Exterior derivative leibniz rule geometric
Crane's heuristic is a good one (and a common one), but the precise analogy breaks down, indeed, here. This is not the correct product rule when you work with actual vectors (i.e., vector functions). There is no sign. The point is that differentiating a vector gives a mixed sort of object — a vector-valued $1$-form, and $d(u\wedge v)$ will be a $2$-vector valued $1$-form.

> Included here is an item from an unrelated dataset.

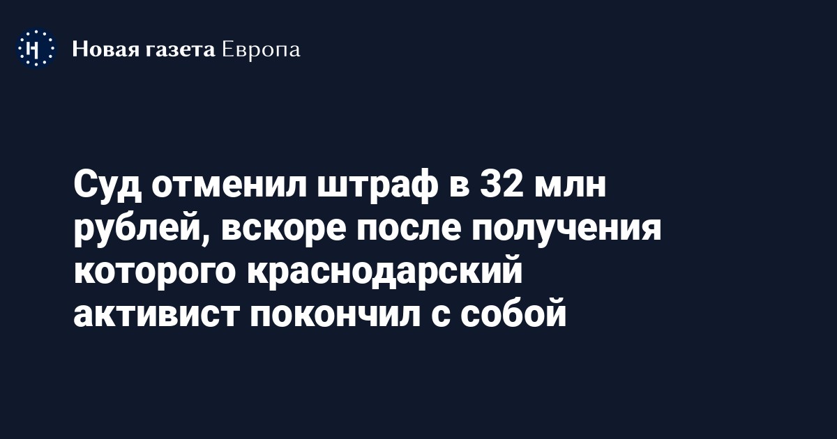Кассационный суд Краснодарского края признал незаконным штраф в 32 миллиона рублей для организации активиста движения «Полтавская против свалки» Андрея Гаряева. Об этом сообщается на сайте суда.

For example, if $$u = f(t)e_1 \quad\text{and}\quad v = g(t)e_1 + h(t)e_2,$$ then $u\wedge v = f(t)h(t) e_1\wedge e_2$ and $$d(u\wedge v) = (f'(t)h(t)+f(t)h'(t))dt\, e_1\wedge e_2 = du\wedge v \color{red}{+} u\wedge dv,$$ because $dt$ commutes with vectors. (Most mathematicians will write $dt\otimes e_1$ and $dt\otimes e_1\wedge e_2$ when unlike objects — here, $1$-forms and vectors or $2$-vectors — are combined multiplicatively.)
On the other hand, when you work with differential forms, the basis $1$-forms interfere with one another and the sign comes in from interchanging them. For example, if $$\omega = f(x,y,z)dx \quad\text{and}\quad \eta = g(x,y,z)dy,$$ then $\omega\wedge\eta = f(x,y,z)g(x,y,z)dx\wedge dy$ and $$d(\omega\wedge\eta) = (\frac{\partial f}{\partial z}g+f\frac{\partial g}{\partial z})dz\wedge dx\wedge dy;$$ note the other partials do not appear because $dx\wedge dx=0$ and $dy\wedge dy=0$. Continuing the computation, $$ (\frac{\partial f}{\partial z}g+f\frac{\partial g}{\partial z})dz\wedge dx\wedge dy = (\frac{\partial f}{\partial z}dz\wedge dx)\wedge (g dy) \color{red}{-} (f\,dx)\wedge(\frac{\partial g}{\partial z}dz\wedge dy),$$ because $dx\wedge dz\wedge dy = -dz\wedge dx\wedge dy$. Thus, with actual $1$-forms, we have $$d(\omega\wedge\eta) = d\omega\wedge\eta \color{red}-\omega\wedge d\eta,$$ as promised.